**REQUIREMENT**
The answer should be every line below, repeated exactly, with the images left out.

**MATERIAL PROVIDED**
----------

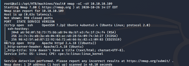 nmap -sC -sV -oA Vault 10.10.10.109
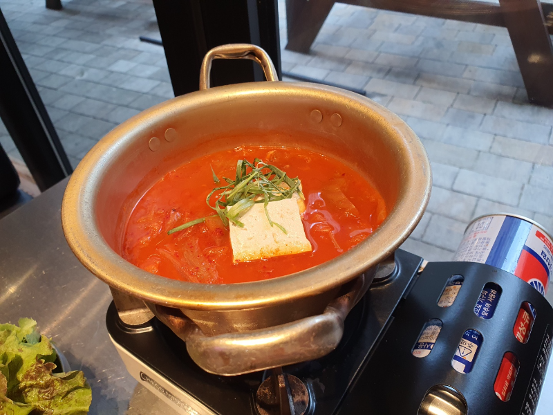 처음에 봤을 때 물이랑 김치 넣고 끓인줄 알았는데, 나중에 국물 맛보면 삼겹살 넣고 끊인 김치찌개 맛났습니다.
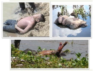 La muerte por sumersión ocurre cuando se reemplaza la inspiración de aire por el ingreso de líquido en las vías respiratorias. Puede ser completa o incompleta, y primaria u secundaria. Presenta signos externos como el hongo de espuma y manchas equimóticas, e internos como pulmones congestionados con marcas de las costillas y presencia de líquido en el estómago.
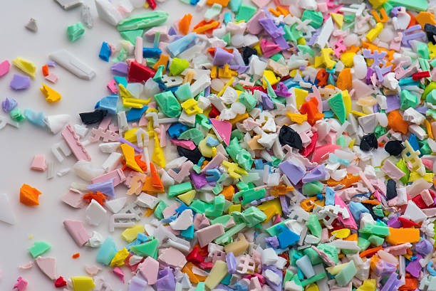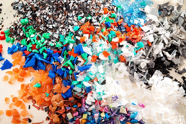 Different regrind polymers after milled in a shredder for recycling processDifferent regrind polymers after milled in a shredder for recycling process

----------

**COMPLETED TASK**
 nmap -sC -sV -oA Vault 10.10.10.109
 처음에 봤을 때 물이랑 김치 넣고 끓인줄 알았는데, 나중에 국물 맛보면 삼겹살 넣고 끊인 김치찌개 맛났습니다.
 La muerte por sumersión ocurre cuando se reemplaza la inspiración de aire por el ingreso de líquido en las vías respiratorias. Puede ser completa o incompleta, y primaria u secundaria. Presenta signos externos como el hongo de espuma y manchas equimóticas, e internos como pulmones congestionados con marcas de las costillas y presencia de líquido en el estómago.
 Different regrind polymers after milled in a shredder for recycling processDifferent regrind polymers after milled in a shredder for recycling process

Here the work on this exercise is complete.